Данный способ имеет ряд недостатков: 1) требуется проведение одного или нескольких предшествующих основному оперативных вмешательств, заключающихся в установке кожного экспандера; 2) требуется проведение этапного увеличения объема экспандера для достижения формирования адекватной дополнительной площади кожного покрова в проекции костного дефекта, что занимает промежуток от 1 до 2 месяцев в зависимости от требуемой площади дермотензии; 3) требуется наличие самого устройства для дерматензии - кожного экспандера, который является дорогостоящим медицинским имплантатом одноразового использования.This method has a number of disadvantages: 1) it requires one or more previous major surgical interventions, consisting in the installation of a skin expander; 2) a staged increase in the volume of the expander is required to achieve the formation of an adequate additional area of the skin in the projection of the bone defect, which takes a period of 1 to 2 months, depending on the required area of dermotension; 3) the device itself for dermatension is required - a skin expander, which is an expensive single-use medical implant.
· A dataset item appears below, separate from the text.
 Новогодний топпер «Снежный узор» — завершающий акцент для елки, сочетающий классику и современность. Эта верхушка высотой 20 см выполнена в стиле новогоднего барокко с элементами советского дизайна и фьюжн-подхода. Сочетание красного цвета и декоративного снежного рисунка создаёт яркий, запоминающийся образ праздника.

Задача (технический результат) предлагаемого изобретения заключается в создании способа реконструкции дефектов костей черепа, свободного от описанных выше недостатков, обеспечивающего закрытие имплантируемого в область костного дефекта сетчатого титанового имплантата кожным покровом без излишнего натяжения с формированием адекватного состоятельно послеоперационного рубца.The objective (technical result) of the present invention is to create a method for reconstructing defects in the skull bones, free from the disadvantages described above, ensuring the closure of the titanium mesh implant implanted in the area of the bone defect with the skin without excessive tension with the formation of an adequate consistent postoperative scar.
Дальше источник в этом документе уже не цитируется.